La plupart de la masse espérait secrètement voire confiait en un avenir proche paradisiaque, plus de masque, plus d’atteinte à la liberté personnelle, plus de restriction au luxe et à la consommation, enfin un vaccin salvateur, un monde nouveau qui ferait son entrée triomphante, dans la douceur de la nuit et l’incandescence du matin.

Il suffisait d’y croire, d’espérer très fort qu’un renouveau se matérialise pour que la cosmogonie tant attendue opère sa magie naturelle; le mouvement des positifs anonymes et autres canaliseurs de message angéliques nous le martelaient suffisamment !

Pourtant, quelque chose en moi sonnait d’une toute autre couleur.

Ce matin-là une vibration s’empara de tout mon corps, un message d’évidence souhaitait descendre dans mes cellules avant même que mon mental ne le déchiffre. J’avais mal, mes lombaires me faisaient souffrir, le souvenir karmique d’autres douleurs intenses se faisait sentir et mon corps tout entier sonnait une alarme que je n’étais pas encore en mesure de déchiffrer et n’en ressentait d’ailleurs même pas le besoin.

J’optais pour l’accueil, l’observation de ce qui commençait à glisser dans mes tissus, la lecture de chaque miasme nettoyé, la libération de toute résistance transformée en légèreté.

Des espaces se créaient frénétiquement sans objectif apparent, dans une confiance des plus profondes. Je ne savais déceler pour quelle raison, pourquoi de cette manière et en même temps mon cœur savait que le rythme, la cadence et la profondeur importait moins, puisque tout était juste. Tout était juste.

Je souhaitais être dans la seconde présente, non plus dans le « moment présent » tant décrié, mais dans la seconde, afin d’entendre palpiter mon cœur et se dilater mon âme.

Le nettoyage avait commencé il y a plusieurs mois déjà, les résistances, les vieux schémas, tout ce qui constituait une structure et les peurs, oui les peurs, s’envoyaient valser les unes avec les autres. Une perte totale de repères, de stabilité, de structure s’infiltrait et colorait nos vies.

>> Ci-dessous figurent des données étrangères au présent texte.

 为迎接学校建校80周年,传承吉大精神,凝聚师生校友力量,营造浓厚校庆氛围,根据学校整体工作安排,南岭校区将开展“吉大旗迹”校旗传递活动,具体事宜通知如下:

Pas une once de projection n’était, ne serait-ce qu’envisageable.

La route.. juste la route.

Le chemin qui se fraie au contact de nos pas, de nos respirations, de nos pupilles dilatées, de la caresse de nos mouvements, de la vibration de notre âme.

Une lumière intense perçait un chemin, au-delà de tout ce que l’on aurait pu imaginer, dans la forme, dans la descente, dans la transformation et jusqu’à l’univers sacré de chacune de nos cellules.

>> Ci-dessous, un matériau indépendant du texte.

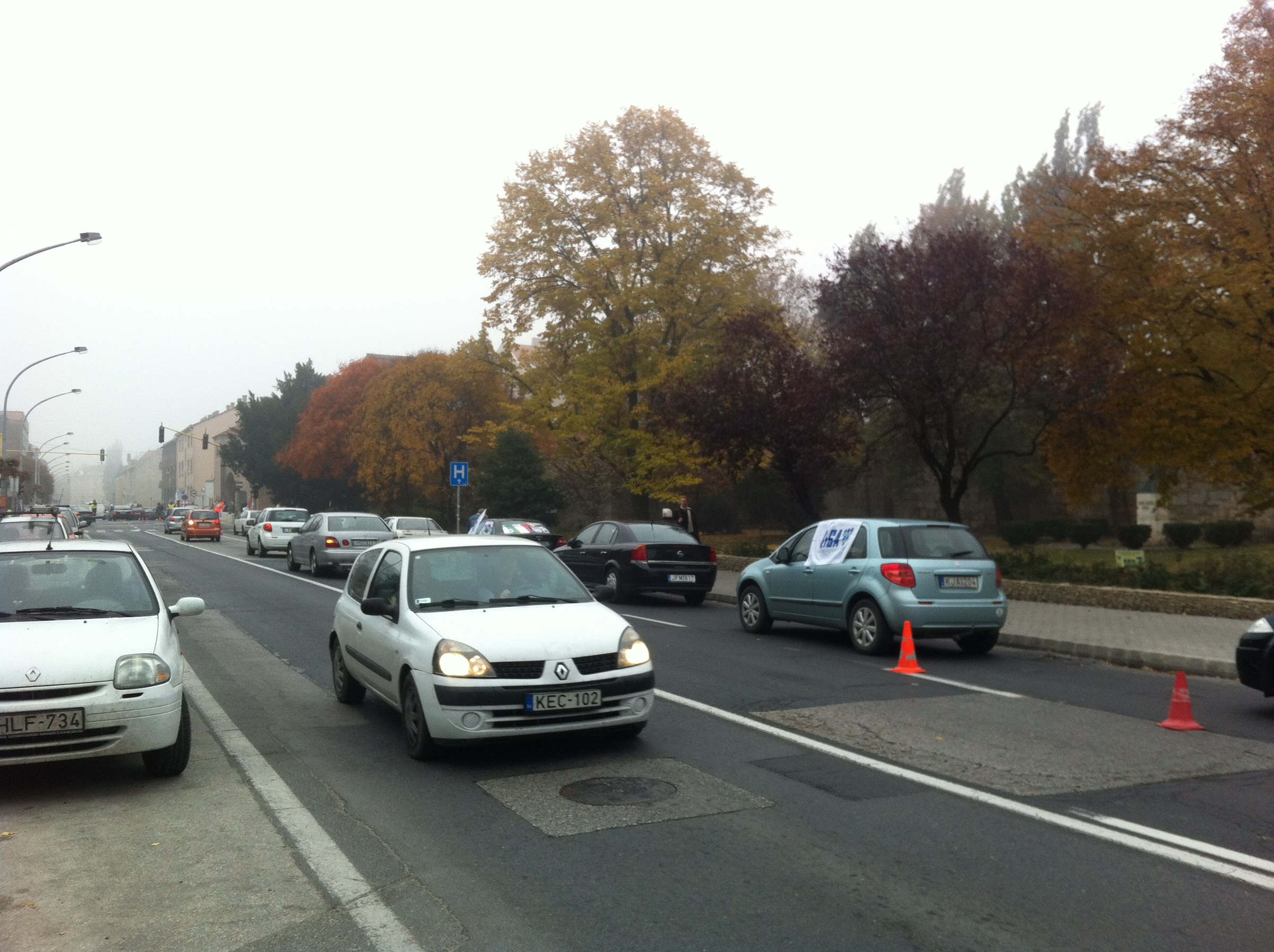 Budapesten hétvégi forgalom van, a budai oldalon legalábbis szinte üres az Alkotás út. Nincs dugó a Széll Kálmán térnél, jól járható Hűvösvölgy felől a Szilágyi Erzsébet fasor, a Margit körút, és egy perc alatt át lehet érni a Margit hídon is. Üres a budapesti belváros, mondják a City Taxi diszpécserei, mert az összes bevezető utat blokkolják a demonstrálók, a forgalom csak lassan ér be a városba.

En même temps qu’une brume intense et jaunâtre libérait ses grains de sable avec une intensité étouffante, le cyclone faisait émerger les moindres mensonges, les plus grandes supercheries, le chaos sibyllin dans un écho d’éclatements incisif et chirurgical.

Personne ne serait épargné.

Ceux qui portaient un espoir superficiel et égoïste quant à la descente martienne d’un nouveau monde était maculés de doutes de plus en plus persistants. Leur foi misée au mauvais endroit, leurs réflexions n’avaient pas été suffisamment profondes et sincères et leurs actions devenues stériles.

Un plâtre étouffant leur propre boussole, leur cœur tronqué d’illusions, un adultère mortel.

Une chape se posait sinueusement aux nuances nouvelles d’un cocktail soviético-communiste, un renversement des polarités, de l’est à l’ouest en passant par un totalitarisme étouffant.

Étouffant de par sa nouvelle texture, étouffant de par sa lenteur et langueur, étouffant parce qu’il s’agissait d’une glue s’infiltrant perversement et étant invisible pour la majorité des esprits.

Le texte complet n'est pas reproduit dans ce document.